Foto 3. Rumah mewah milik Pangeran Wira Kesuma atau Sayyid Idrus Aljufri, di Olak Kemang. Sumber: tropenmuseum

Jambi sebenarnya tidaklah semiskin itu. Luas wilayahnya sekitar 50000 km persegi, satu setengah kali lebih luas dari negeri Belanda atau sepuluh kali lebih luas dari Kerajaan Brunei. Mereka menguasai hampir seluruh tol sungai Batanghari. Hasil upeti itu saja, sudah dapat memakmurkan raja. Namun kenyataannya, untung itu tidak mengalir ke kantong sultan semata. Sang raja harus berbagi dengan saudara dan sepupunya yang lain serta dengan para Batin dan Dipati. Terkadang pula, para Dipati dan Batin ini lebih kaya dari Raja.

Foto 4. Kondisi Sungai Batanghari, tampak sebuah kapal sedang melintasi tol sungai ini. Dok. Tropenmuseum

Jangan bayangkan raja-raja di Jambi atau para Dipati di Kerinci, kekuasaannya sama seperti raja-raja di luar sana. Jikalau di luar sana, seorang raja menguasai rakyat, tanah sekaligus monopoli perekonomian, maka Jambi tidaklah demikian. Para raja yang menguasai lahan, belum tentu dapat menguasai rakyat. Suatu contoh di abad ke 17, Raja Jambi tidak punya kuasa mengontrol rakyat Minangkabau yang ada di wilayah mereka.
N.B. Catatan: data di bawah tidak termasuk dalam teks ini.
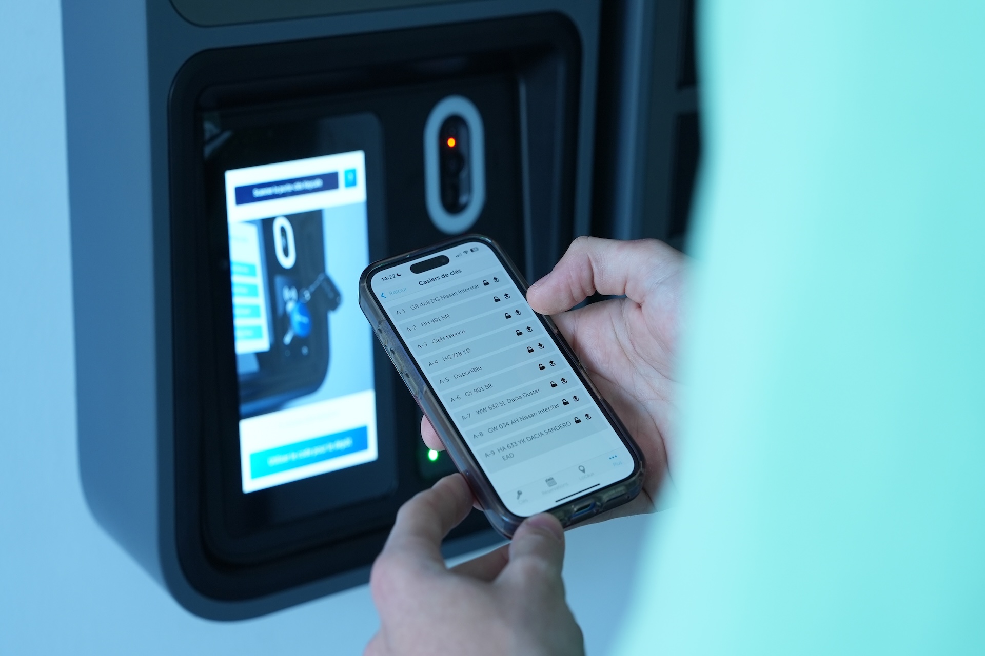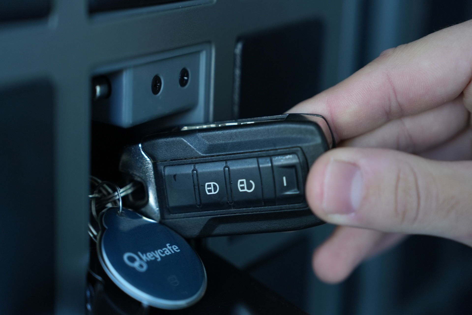 Customers can then independently collect their vehicle by entering the code at the SmartBox, which opens the locker containing their key. Each vehicle key is stored with a Keycafe fob that identifies the key, enabling secure tracking throughout the rental lifecycle.

Di Kerinci, para Depati Penghulu pun berbagi kuasa, ada yang hanya berkuasa atas lahan, ada yang hanya berkuasa atas rakyat dan ada yang berkuasa atas kegiatan perekonomian. Tak ada yang menguasai semua sektor. Akan tetapi, patut diacungi jempol, negara dengan sistem semacam ini bisa bertahan kurang lebih tiga abad. Kalau sistem pemerintahan yang sekarang jangan ditanya lagi, rakusnya keterlaluan!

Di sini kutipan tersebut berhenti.